Atex Chief of Staff, Lorren Wyatt, presented this year’s Martin Adler Prize to freelance fixers Ghassan Ibraheem from Lebanon and Al Mughira Al Sharif, a Syrian national. They were nominated by BBC news teams for their exceptional work in Syria. “After working in the news media industry for almost 40 years, Atex is incredibly proud of our association with the Rory Peck Trust,” says Lorren Wyatt. “Without people like Mr. Ibraheem and Mr. Al Sharif risking their personal safety in dangerous locations, some of the world’s most influential, true-life and revealing news stories would never see the light of day.”
Ghassan Ibraheem, from Lebanon, gave up his job in a Beirut business to become a fixer in October 2011. Since then he has freelanced regularly with BBC reporter Paul Wood and cameraman Fred Scott in Syria. “Ghassan’s bravery is extraordinary.” says Paul Wood. “He has to work carefully under immense pressure in order to report safely and maintain relationships in the most difficult circumstances. As a Lebanese citizen he has also been concerned for his own safety at home given the uncertain politics with Syria. He is simply the bravest, most resourceful, sensitive and safety-conscious fixer that Fred and I have ever worked with.”
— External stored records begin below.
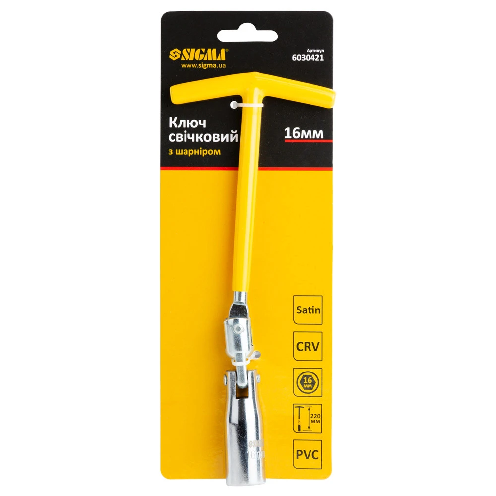 Ключ свічковий з шарніром 16мм SIGMA (6030421) це спеціалізований інструмент, який призначений для монтажу і демонтажу свічок запалювання двигунів внутрішнього згоряння. Даний інструмент використовується як автолюбителями у власних гаражах, так і професійними майстрами по ремонту автомобілів на СТО і шиномонтажі.
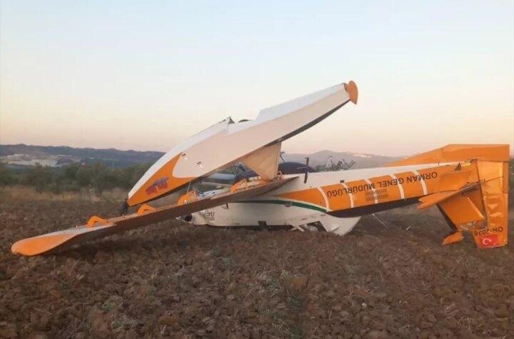 Aydın'daki orman yangınına müdahale için havalanan yangın söndürme uçağı, Muğla'nın Yatağan ilçesinde bir tarlaya...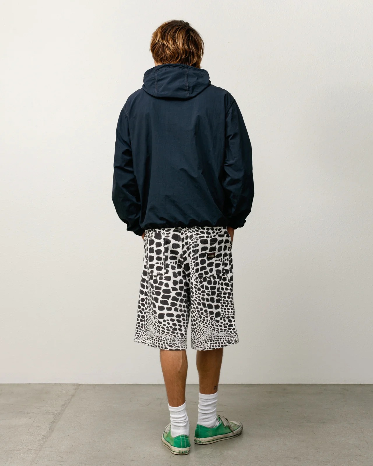 Pantaloncini larghi in tela di cotone lavata da 520 g/m², vestibilità ampia con vita bassa, accessori in nichel con marchio, chiusura con bottone e patta con cerniera, tasche laterali oblique con taschino portamonete, tasca multiuso sulla coscia, tasche applicate posteriori, etichetta "Authentic Workgear" di Stüssy sulla tasca posteriore.

Al Mughira Al Sharif was nominated by BBC correspondent Ian Pannell and cameraman Darren Conway. A Syrian national, he was raised in Islamabad and moved to Istanbul in October 2010 to study and become a professional footballer. As a fixer he has encountered artillery shells, mortars, attack-helicopters, mines, checkpoints, gun-battles and fighter-jets, always operating calmly and clearly. “Mughira is still a young man, in his early twenties.” says Ian Pannell, “but he has handled the pressure and trauma of being on the frontline with remarkable maturity and boundless energy. When he is not translating he is making contacts and plans; organising food, accommodation, transport, who to trust, which routes to take, what is being planned, where, when and how. The pressures are immense and relentless and few are more deserving of recognition.”